The drug was acquired on its early promise as an HIV therapy, for which continued research and development by Cytodyn has highlighted the potential to reduce regular drug cocktails with assortment pills into a specific monthly injection, sometimes, with 0 side effects. To day, the FDA has denied Cytodyn’s Biologics License Application (BLA)
Since that time, Cytodyn’s scientific staff has discovered the antibody’s influence on the CCR5 receptor has extremely positive therapeutic implications for everything out of certain solid tumours to NASH (Non-alcoholic steatohepatitis), the liver function disorder which afflicts up to twelve percent of the US population, and up to twenty six % globally.
But the real emergent also potentially transformational program for leronlimab, as stated at the start, (which is now getting branded as Vyrologix by Cytodyn), is designed for the Acute Respiratory Distress Syndrome (ARDS) brought on by COVID-19 that precludes the Sequential Organ Failure in fatal situations of COVID infections.

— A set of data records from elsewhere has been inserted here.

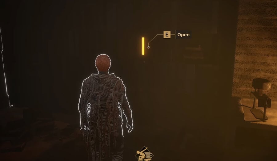 Follow the entrance to the next room once you are at the bottom of the staircase and you will find yourself in a long corridor with the green energy door at the end. Towards the end of the corridor, but before you go through it, you'll see a bookshelf with a yellow light on it as shown above. Open the door and head inside.
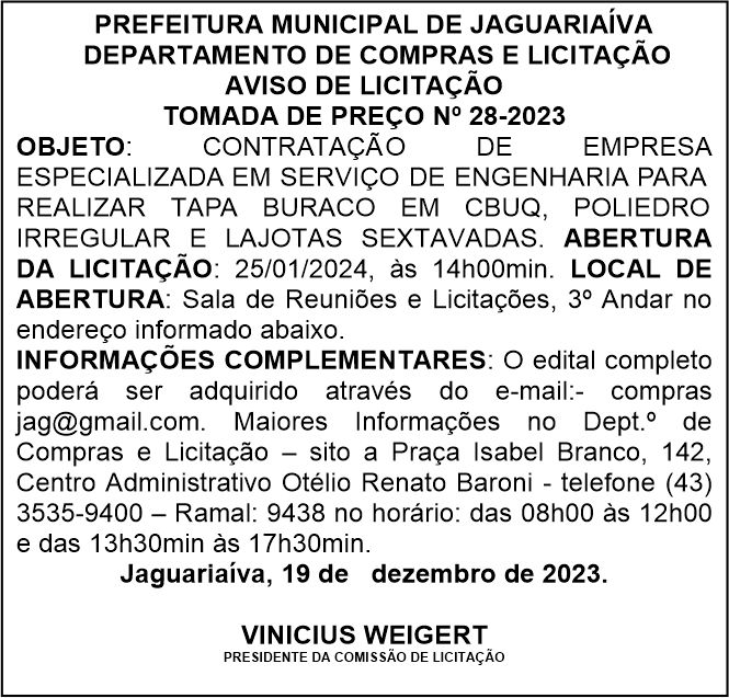 Aviso de Licitação Tomada de Preço Nº 28/2023
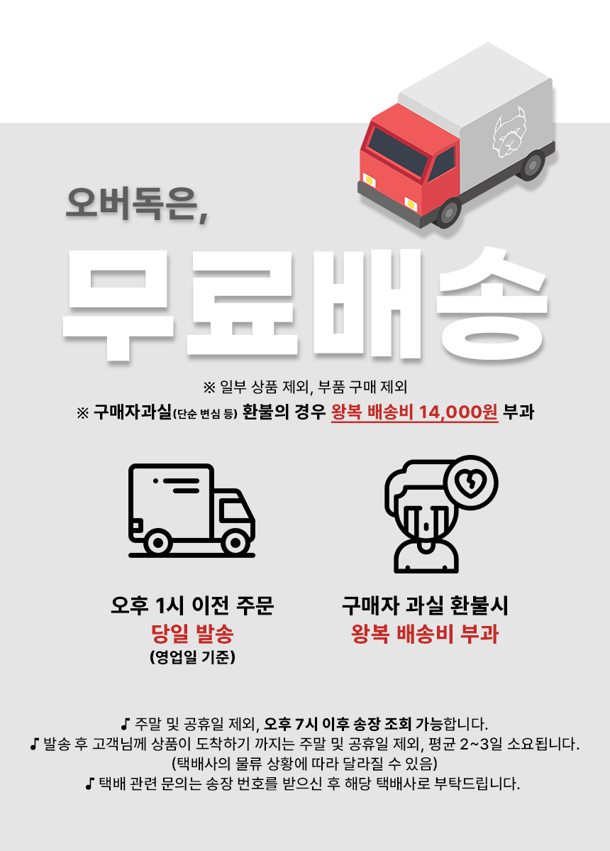- 상품, 또는 배송 문제로 인한 교환/반품비는 무료이며 고객 귀책 사유일 경우 왕복 택배비는 고객 부담입니다.
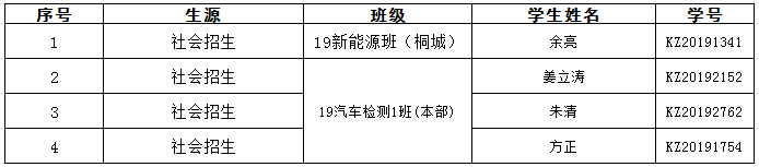 机电工程学院2019级新能源班(扩招桐城)学生余亮,2019级汽车检测与维修1班(扩招本部)姜立涛、朱清,方正一直未参与规定的教学活动,辅导员多次联系学生及其家人,未果。现根据《taptap点点官方网站社会扩招学生学籍管理实施办法(试行)》的相关规定,要求以上4位同学于2024年4月23日前务必联系辅导员参加规定教学活动,否则将依据《taptap点点官方网站社会扩招学生学籍管理实施办法(试行)》第二十六条规定,视为自动放弃学籍,按自动退学处理。
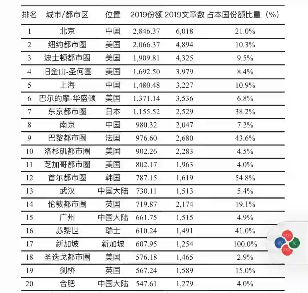 9 月 19 日,自然指数(NatureIndex)创始人戴维·斯文班克斯在 2020 中关村论坛发布会上发布的“自然指数-科研城市2020”最新数据和研究成果显示,北京在全球科研城市中继续蝉联第一,纽约都市圈、波士顿都市圈、旧金山-圣何塞地区和上海分列第 2 至 5 位。
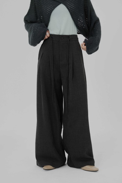 隱藏繫帶摺線西裝褲

Leronlimab it seems that prevents the CCR5 receptor from over-responding to the virus and launching the now household word “cytokine storm”. Some proportion of people obviously return from the brink following two treatments (and in a number of instances, 1 treatment) of leronlimab, still when intubated.
The company completed enrollment of a level 2b/3 trial on December 15 to “evaluate the efficacy as well as safety of leronlimab for people with severe-to-critical COVID 19 indications is actually a two arm, placebo controlled, double blind, randomized, adaptive style multicenter study,” based on the company’s press release.
This trial period concluded on January 12-ish, and if the results are positive, this will make leronlimab a top treatment for ARDS.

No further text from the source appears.